What Smith saw was the intricate interplay between the needs and desires of customers and the self-interest of a risk-taking capitalist. That is the core transaction of the capitalist system. Without so much as a glance at discounted future cash flow, Smith implicitly understood that for a business the important thing was the population for which a business might add value. The issues for the entrepreneur involve the accuracy of their estimate of that market, the share of that market they might expect to win, the revenues they might expect to receive, and the profit margin they might expect to realize on those revenues.

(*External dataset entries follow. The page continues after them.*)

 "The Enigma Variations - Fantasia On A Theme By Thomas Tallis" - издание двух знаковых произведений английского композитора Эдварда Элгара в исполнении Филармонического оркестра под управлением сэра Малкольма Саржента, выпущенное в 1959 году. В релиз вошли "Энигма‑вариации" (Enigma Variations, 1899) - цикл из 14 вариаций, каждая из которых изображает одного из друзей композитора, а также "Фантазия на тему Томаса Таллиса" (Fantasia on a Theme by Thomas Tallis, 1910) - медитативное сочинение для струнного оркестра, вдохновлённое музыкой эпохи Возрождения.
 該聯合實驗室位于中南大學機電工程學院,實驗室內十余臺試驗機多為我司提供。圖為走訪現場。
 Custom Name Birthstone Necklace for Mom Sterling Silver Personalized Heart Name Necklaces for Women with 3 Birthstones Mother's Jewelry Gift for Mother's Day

In short, Adam Smith's thinking may not ordinarily be very helpful in the after-market we call "the stock market" but is central to the universe of young and innovative companies. It is directly connected with the way businesses and customers are conjoined. What a business does for its customers, he implies, provides an outline of its ultimate value. For this reason, I see the conjunction of businesses and customers as potentially useful in thinking about leading companies in the current market, especially for those companies which cannot be analyzed usefully by the standard market metrics of sales, margins, earnings, PE, and discounted cash flow.

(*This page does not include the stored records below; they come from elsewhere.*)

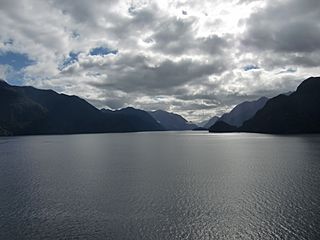 Description: Dusky Sound - New Zealand - Seen from the deck of a cruising ship (Rhapsody of the Seas)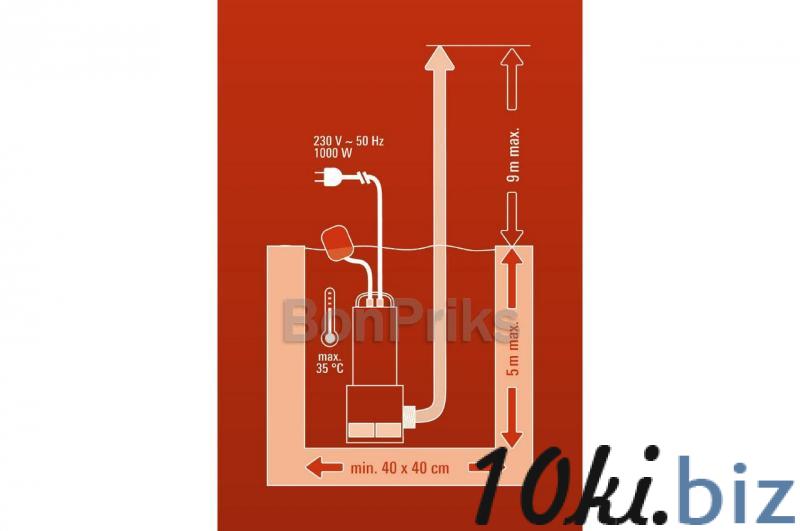 Макс. высота подачи: 9м. Макс. глубина погружения: 5м. Температура воды: до 35°C. Макс. пропускаемых частиц: Ø 20мм. Точка включения: ок. 50 см. Точка выключения: ок. 5 см |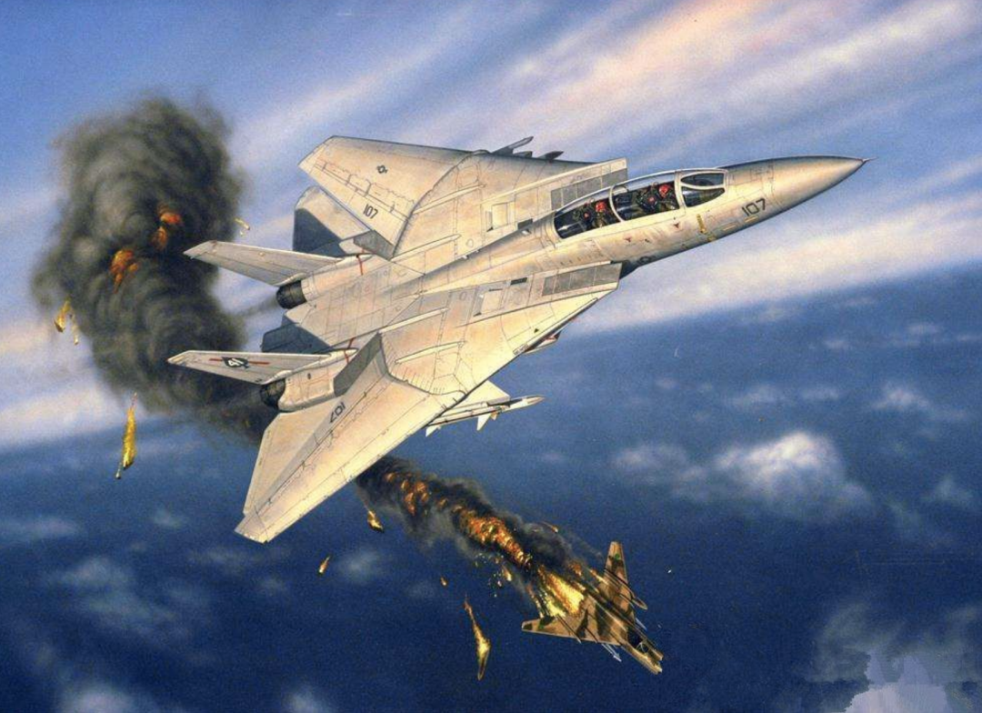 此时在尼米兹号上空的鹰眼预警机发现了利比亚战斗机并通知两架F-14前去拦截。美国和利比亚并非是交战状态,美国飞行员按照国际惯例呼叫飞行员,希望他们的飞机离开,利比亚飞行员非但不听,还发射了苏联产K-13环礁导弹。苏联的导弹性能真的是一言难尽,F-14凭借自己的机动性就躲开了导弹,随后两架F-14也没客气发射响尾蛇导弹干净利落地击落了利比亚飞机。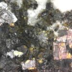 尾去沢鉱床からは、稼行時に綺麗な黄銅鉱結晶が大量に産出し標本市場でもよく見かけるが、最後に本鉱床の受けた珪化作用・角礫化作用そして二次富化変質作用を被った、面白い黄銅鉱鉱石を紹介しよう。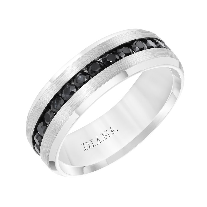 Men's Band with Single Row All Around Black Sapphires, Domed Brushed Finish and Bright Beveled Edge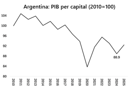 Isso que agora ocorre não é novidade na economia argentina; ao contrário, é apenas mais um episódio em uma história de crise sucessivas que vem de longe. O capitalismo argentino tem se mostrado claudicante. A economia basicamente estagnou desde o final da Grande Recessão em 2008, particularmente desde o fim do boom global dos preços das commodities em 2012. Nos 13 anos de 2012 a 2024, o crescimento médio real do PIB foi de apenas 0,1%.

In Adam Smith terms, a company should be worth a reasonable return for what it contributes to the greater good of the general populace. This single sentence is at the heart of what I am calling the "Adam Smith Model" of valuation. Does it actually work when trying to value innovative companies? Can one make decisions based on this model? To a large degree I think it is the only really helpful approach in valuing companies driven by new products and concepts.

To show how this sort of analysis might work, I will start with my daughter's portfolio of innovative biotech companies, which she put together in the early days of the pandemic. It is a pretty good model of the kind of thing I have always kept a careful distance from. Her surprising success with this portfolio prompted my own internal debate.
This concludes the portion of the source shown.